*** Data records
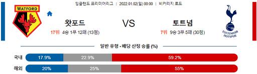 프리미어리그 1월 2일 00:00 왓포드 : 토트넘 훗스퍼
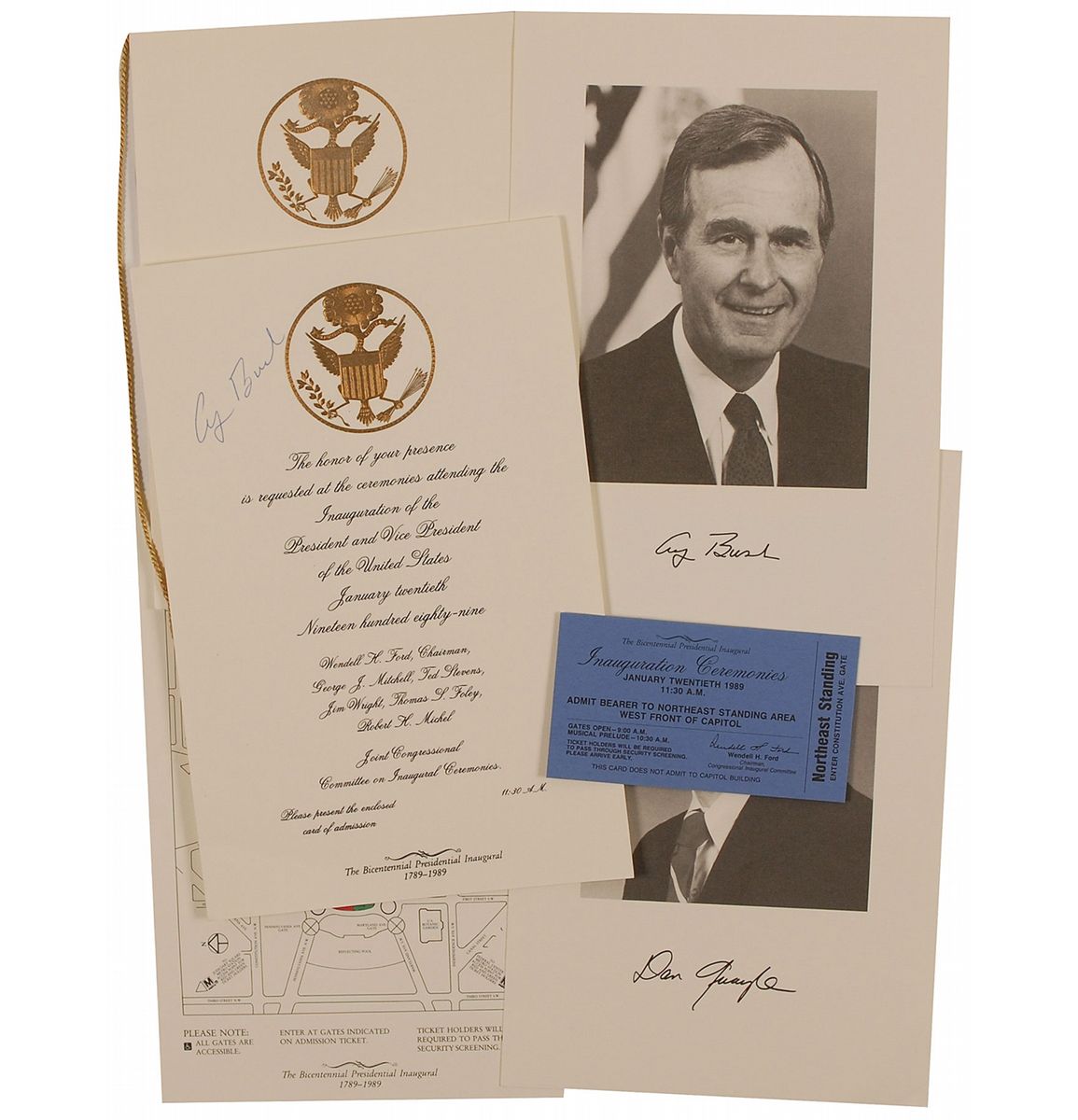 Invitation to Bush’s presidential inauguration, 6.5 x 10, signed at the top in blue ballpoint. In fine condition. Accompanied by the original ticket, inauguration program, photos of Bush and Quayle bearing pre-printed signatures, a map of the Capitol grounds, and the original envelope.
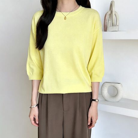二の腕をふわっとカバーする六分袖に、デコルテをきれいに魅せるVネックとラウンドネックで、抜け感のあるヘルシーな印象に。
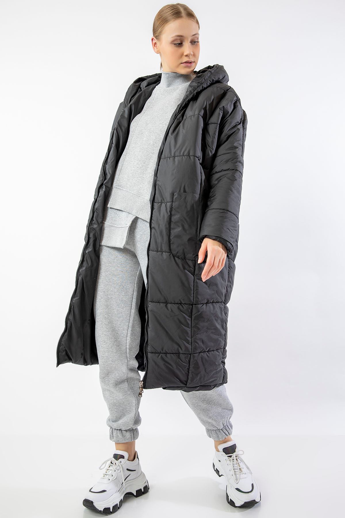 Quilted Fabric Long Sleeve Hooded Below The Knees Boyfriend Women Coat - Black
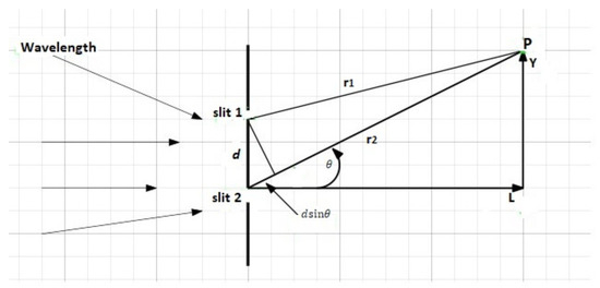 Let and be the distances from and to the point P of height y on a screen placed at L from the gratings with diffraction angle , as shown in Figure 2 and Figure 3. For a uniform separation d between slit and , the generic optical field at any distant point P on the screen is expressed as the sum of the fields produced from the two slits by linearity:
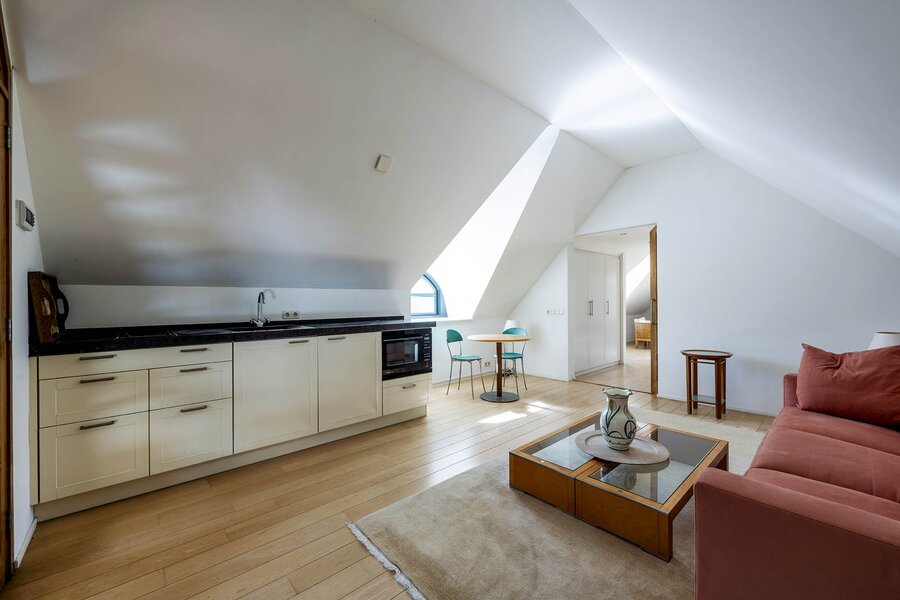 Verdieping: middels de vaste trap bereiken we de verdieping. Rechts bevindt zich het (gasten)appartement met eigen woonkamer met open keuken met inbouwapparatuur en aansluitend de eigen badkamer voorzien van een douche, wastafel en toilet. Links gaan we de loopbrug over en bevindt zich de 2e slaapkamer met eigen badkamer voorzien van douche, wastafel en toilet.
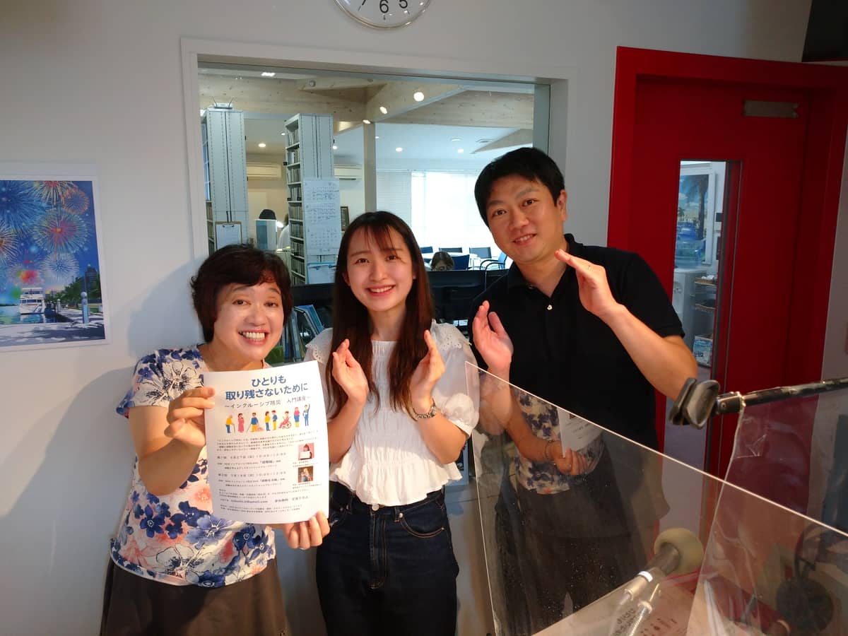「ひとりも取り残さないために~インクルーシブ防災入門講座」について インクルーシブ防災キャラバン実行委員長で大学生防災士の栗原ひとみさんと NPO法人すこやかいきいき協議会代表の服部誠さんがゲストでした。
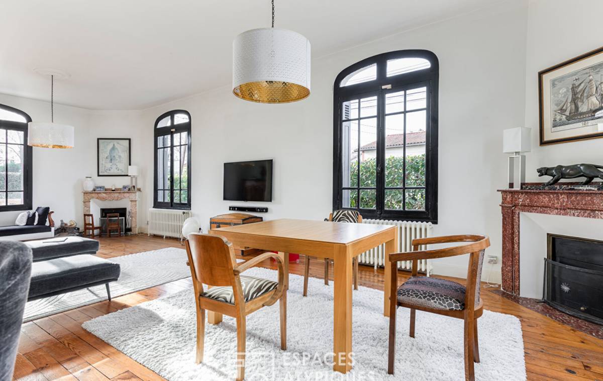 Located in Toulouse, in the Pont de Demoiselles district, this fully renovated 1930s family home elegantly blends period charm with contemporary comfort. Spanning over 180 square meters, it offers spacious, light-filled rooms enhanced by high ceilings and meticulous finishes. The expansive living room, featuring two period fireplaces and solid wood flooring, opens onto a sunny and intimate rooftop terrace, perfect for relaxation. The living area flows seamlessly into the recently renovated, modern, and fully equipped kitchen, creating a welcoming and fluid atmosphere. A ground-floor master suite with a large bathroom completes the ground floor. Upstairs, four bedrooms, one of which could be used as an office, along with a relaxation area or playroom, offer great flexibility for harmonious family living. Amenities include integrated air conditioning and a recent renovation that respects the original character of the building. A garden complete with a city swimming pool invites you to enjoy the outdoors. The garage provides parking for one vehicle and/or space for DIY projects, with a second parking space available on the property. The house sits on a crawl space that is accessible and can be used for storage. The prime location offers quick access to shops, public transport, and major roads, while maintaining a peaceful atmosphere. Metro 10-minute walk, Shops and schools 5-minute walk, Motorway access 3-minute drive, Saint Joseph and Caousou schools 13-minute drive or public transport ride. Energy rating: D / Climate rating: D. Estimated average annual energy costs for standard use, based on 2021 energy prices: EUR2,509. Information on the risks to which this property is exposed is available on the Géorisques website: . Sales agent: Marina SANCHEZ - Sole Proprietorship RSAC number 932 117 831 - 33 6 66 24 80 45
******
# What you should do
Please output every record above exactly as written, leaving out the pictures.

# Exercise answer
 프리미어리그 1월 2일 00:00 왓포드 : 토트넘 훗스퍼
 Invitation to Bush’s presidential inauguration, 6.5 x 10, signed at the top in blue ballpoint. In fine condition. Accompanied by the original ticket, inauguration program, photos of Bush and Quayle bearing pre-printed signatures, a map of the Capitol grounds, and the original envelope.
二の腕をふわっとカバーする六分袖に、デコルテをきれいに魅せるVネックとラウンドネックで、抜け感のあるヘルシーな印象に。
 Quilted Fabric Long Sleeve Hooded Below The Knees Boyfriend Women Coat - Black
 Let and be the distances from and to the point P of height y on a screen placed at L from the gratings with diffraction angle , as shown in Figure 2 and Figure 3. For a uniform separation d between slit and , the generic optical field at any distant point P on the screen is expressed as the sum of the fields produced from the two slits by linearity:
 Verdieping: middels de vaste trap bereiken we de verdieping. Rechts bevindt zich het (gasten)appartement met eigen woonkamer met open keuken met inbouwapparatuur en aansluitend de eigen badkamer voorzien van een douche, wastafel en toilet. Links gaan we de loopbrug over en bevindt zich de 2e slaapkamer met eigen badkamer voorzien van douche, wastafel en toilet.
「ひとりも取り残さないために~インクルーシブ防災入門講座」について インクルーシブ防災キャラバン実行委員長で大学生防災士の栗原ひとみさんと NPO法人すこやかいきいき協議会代表の服部誠さんがゲストでした。
 Located in Toulouse, in the Pont de Demoiselles district, this fully renovated 1930s family home elegantly blends period charm with contemporary comfort. Spanning over 180 square meters, it offers spacious, light-filled rooms enhanced by high ceilings and meticulous finishes. The expansive living room, featuring two period fireplaces and solid wood flooring, opens onto a sunny and intimate rooftop terrace, perfect for relaxation. The living area flows seamlessly into the recently renovated, modern, and fully equipped kitchen, creating a welcoming and fluid atmosphere. A ground-floor master suite with a large bathroom completes the ground floor. Upstairs, four bedrooms, one of which could be used as an office, along with a relaxation area or playroom, offer great flexibility for harmonious family living. Amenities include integrated air conditioning and a recent renovation that respects the original character of the building. A garden complete with a city swimming pool invites you to enjoy the outdoors. The garage provides parking for one vehicle and/or space for DIY projects, with a second parking space available on the property. The house sits on a crawl space that is accessible and can be used for storage. The prime location offers quick access to shops, public transport, and major roads, while maintaining a peaceful atmosphere. Metro 10-minute walk, Shops and schools 5-minute walk, Motorway access 3-minute drive, Saint Joseph and Caousou schools 13-minute drive or public transport ride. Energy rating: D / Climate rating: D. Estimated average annual energy costs for standard use, based on 2021 energy prices: EUR2,509. Information on the risks to which this property is exposed is available on the Géorisques website: . Sales agent: Marina SANCHEZ - Sole Proprietorship RSAC number 932 117 831 - 33 6 66 24 80 45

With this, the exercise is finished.